In our case, the video was the linchpin of the government’s use of force, and the reason for which the DA’s office filed its original charges. But the video itself had inherent problems. Video is essentially a series of stills projected at high speed to foster fluidity and continuity. Early efforts at filmmaking consisted of photos flipped like so many cards to produce the appearance of movement. Simply put, the more frames, the more there is to see, and the less there is to miss. Whereas a typical TV set produces images shot at 30 frames per second (fps), a camcorder 60 to 120 fps and high-speed cameras for instant replays over 1,000 fps, the video from the Santa Barbara County Jail only recorded 7.5 fps and contained no audio. Thus, the jail video recorded 75% fewer frames than typical television video, resulting in what appears to the viewer as jerky or blurred movements, and missed action otherwise capturable on standard video.

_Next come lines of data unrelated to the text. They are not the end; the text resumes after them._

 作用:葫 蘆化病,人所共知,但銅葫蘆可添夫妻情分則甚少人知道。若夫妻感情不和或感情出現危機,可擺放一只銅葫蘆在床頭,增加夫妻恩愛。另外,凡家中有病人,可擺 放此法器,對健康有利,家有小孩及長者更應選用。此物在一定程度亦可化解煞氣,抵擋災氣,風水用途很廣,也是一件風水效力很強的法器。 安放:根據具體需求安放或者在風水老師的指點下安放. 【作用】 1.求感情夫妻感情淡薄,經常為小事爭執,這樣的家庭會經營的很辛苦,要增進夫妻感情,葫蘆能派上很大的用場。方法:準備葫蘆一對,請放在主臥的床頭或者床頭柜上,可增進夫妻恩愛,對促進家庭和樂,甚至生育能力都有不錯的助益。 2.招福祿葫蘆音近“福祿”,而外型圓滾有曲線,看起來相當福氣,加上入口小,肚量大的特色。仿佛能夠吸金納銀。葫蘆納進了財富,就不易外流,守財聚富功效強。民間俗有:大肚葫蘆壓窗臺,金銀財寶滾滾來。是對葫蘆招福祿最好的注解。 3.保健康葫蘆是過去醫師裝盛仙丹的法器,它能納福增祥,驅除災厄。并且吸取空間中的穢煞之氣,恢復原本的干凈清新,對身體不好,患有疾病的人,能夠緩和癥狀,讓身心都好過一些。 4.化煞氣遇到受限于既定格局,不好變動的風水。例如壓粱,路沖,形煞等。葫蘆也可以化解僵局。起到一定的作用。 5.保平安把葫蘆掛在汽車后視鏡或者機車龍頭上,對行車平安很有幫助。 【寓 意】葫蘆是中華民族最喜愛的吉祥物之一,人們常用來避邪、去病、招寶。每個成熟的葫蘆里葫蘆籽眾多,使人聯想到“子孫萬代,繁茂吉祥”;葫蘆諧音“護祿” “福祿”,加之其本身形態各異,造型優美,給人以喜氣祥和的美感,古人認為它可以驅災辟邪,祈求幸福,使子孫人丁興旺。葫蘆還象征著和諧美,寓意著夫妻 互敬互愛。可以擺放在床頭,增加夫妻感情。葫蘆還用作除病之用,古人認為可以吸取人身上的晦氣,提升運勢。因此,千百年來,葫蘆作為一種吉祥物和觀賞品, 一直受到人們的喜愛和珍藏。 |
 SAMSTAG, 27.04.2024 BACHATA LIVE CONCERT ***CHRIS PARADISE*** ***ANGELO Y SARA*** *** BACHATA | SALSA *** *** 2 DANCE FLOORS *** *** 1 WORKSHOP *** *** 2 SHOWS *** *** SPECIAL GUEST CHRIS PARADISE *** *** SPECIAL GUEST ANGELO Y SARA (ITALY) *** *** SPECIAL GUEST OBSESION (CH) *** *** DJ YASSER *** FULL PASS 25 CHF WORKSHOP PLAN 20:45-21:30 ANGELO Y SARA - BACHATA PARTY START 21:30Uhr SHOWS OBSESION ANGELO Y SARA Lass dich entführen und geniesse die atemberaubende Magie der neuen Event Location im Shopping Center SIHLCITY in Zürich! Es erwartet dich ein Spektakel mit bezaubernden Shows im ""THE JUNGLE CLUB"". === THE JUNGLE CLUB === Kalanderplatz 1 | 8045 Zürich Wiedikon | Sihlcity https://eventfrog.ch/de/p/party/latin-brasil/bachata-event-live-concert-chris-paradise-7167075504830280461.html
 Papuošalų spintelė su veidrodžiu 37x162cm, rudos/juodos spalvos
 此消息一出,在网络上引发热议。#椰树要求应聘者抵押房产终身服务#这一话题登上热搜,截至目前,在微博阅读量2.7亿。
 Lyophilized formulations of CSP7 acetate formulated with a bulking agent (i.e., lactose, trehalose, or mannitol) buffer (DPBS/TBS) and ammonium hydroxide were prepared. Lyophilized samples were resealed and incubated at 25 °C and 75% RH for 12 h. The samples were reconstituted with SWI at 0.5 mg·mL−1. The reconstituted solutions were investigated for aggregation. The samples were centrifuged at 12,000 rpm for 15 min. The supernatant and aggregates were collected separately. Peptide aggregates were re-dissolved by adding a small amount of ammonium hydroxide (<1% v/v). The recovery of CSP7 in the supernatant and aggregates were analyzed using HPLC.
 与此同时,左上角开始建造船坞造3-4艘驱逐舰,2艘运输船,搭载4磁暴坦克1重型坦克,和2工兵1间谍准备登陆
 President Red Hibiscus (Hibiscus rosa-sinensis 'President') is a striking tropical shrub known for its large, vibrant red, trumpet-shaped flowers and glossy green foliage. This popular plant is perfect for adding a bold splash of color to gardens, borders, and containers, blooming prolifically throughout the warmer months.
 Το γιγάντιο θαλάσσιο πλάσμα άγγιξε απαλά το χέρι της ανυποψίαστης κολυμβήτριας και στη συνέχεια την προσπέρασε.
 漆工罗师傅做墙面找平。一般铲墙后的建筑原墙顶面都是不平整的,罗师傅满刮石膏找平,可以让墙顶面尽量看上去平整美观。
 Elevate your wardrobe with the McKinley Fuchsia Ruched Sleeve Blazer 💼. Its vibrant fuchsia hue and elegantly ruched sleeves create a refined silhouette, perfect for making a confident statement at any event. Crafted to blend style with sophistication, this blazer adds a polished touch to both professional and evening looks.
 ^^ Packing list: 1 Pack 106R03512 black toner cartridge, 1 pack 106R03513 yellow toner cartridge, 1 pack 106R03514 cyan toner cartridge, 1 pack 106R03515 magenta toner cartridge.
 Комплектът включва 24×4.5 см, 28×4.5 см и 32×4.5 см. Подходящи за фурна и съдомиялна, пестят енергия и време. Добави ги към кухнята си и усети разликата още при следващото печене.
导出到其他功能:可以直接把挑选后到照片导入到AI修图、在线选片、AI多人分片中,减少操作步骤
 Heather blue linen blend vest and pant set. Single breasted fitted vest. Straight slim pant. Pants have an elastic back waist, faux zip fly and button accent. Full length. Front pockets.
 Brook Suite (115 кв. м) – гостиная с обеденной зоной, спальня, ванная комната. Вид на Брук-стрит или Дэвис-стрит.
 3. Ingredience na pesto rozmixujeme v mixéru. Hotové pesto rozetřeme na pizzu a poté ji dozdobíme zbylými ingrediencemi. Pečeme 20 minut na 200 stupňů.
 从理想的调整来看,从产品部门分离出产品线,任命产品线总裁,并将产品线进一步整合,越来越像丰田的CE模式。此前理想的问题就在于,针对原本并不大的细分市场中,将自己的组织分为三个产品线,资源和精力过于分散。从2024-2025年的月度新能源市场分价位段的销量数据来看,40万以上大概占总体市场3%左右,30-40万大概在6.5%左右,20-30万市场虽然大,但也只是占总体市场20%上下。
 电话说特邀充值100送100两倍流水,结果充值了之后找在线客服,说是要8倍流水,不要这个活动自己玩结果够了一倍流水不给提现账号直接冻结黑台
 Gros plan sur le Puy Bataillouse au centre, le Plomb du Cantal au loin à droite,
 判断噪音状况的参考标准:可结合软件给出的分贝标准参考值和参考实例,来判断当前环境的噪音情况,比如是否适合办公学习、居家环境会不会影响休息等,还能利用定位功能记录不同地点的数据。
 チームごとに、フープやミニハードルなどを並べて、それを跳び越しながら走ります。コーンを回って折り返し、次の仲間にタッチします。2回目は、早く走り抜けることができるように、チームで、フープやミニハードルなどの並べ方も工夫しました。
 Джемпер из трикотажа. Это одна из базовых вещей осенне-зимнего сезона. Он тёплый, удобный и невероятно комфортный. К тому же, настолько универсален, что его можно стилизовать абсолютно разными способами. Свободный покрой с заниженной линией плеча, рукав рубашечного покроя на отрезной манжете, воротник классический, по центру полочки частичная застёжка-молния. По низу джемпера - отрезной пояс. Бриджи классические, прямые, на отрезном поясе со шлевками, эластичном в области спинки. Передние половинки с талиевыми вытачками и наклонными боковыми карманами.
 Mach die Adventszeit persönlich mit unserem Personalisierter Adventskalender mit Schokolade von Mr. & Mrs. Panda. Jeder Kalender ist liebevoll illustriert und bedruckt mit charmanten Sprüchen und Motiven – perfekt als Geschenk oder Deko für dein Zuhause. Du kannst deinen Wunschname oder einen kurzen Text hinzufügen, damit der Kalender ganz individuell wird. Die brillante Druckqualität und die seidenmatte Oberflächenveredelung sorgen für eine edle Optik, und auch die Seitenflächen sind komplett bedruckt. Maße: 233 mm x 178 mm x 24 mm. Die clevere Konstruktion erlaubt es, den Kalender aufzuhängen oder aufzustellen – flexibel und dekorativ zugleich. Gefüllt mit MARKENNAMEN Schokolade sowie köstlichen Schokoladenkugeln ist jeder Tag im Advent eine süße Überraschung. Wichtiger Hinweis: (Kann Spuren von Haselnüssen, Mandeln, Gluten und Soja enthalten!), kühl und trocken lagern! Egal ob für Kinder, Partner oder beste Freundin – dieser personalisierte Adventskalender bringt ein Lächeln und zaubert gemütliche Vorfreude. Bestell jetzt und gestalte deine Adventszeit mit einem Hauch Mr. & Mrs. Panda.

Moreover, the video relied upon by the prosecutors was taken from a single camera 12 feet off the ground, 40 feet from the scene of the altercation. The images were compressed, with little ability to gather a sense of depth. Efforts to “enhance” the video inherently resulted in a compromise in resolution, as well as the production of grainy images. Of perhaps even greater consequence were the inherent limitations of what could be seen at all on the video. The part of the incident that the prosecutors alleged included the most egregious use of force by Deputy Kirsch failed to be viewable because of the camera angle and the positioning of the bodies involved in the altercation. Of equal concern in the prosecutors’ hasty analysis was the lack of comprehensive understanding of the complications in viewing such a crude video. From the outset, those reviewing the case were apparently distracted by the unsightliness of the application of force in real-time, without grasping what was actually occurring.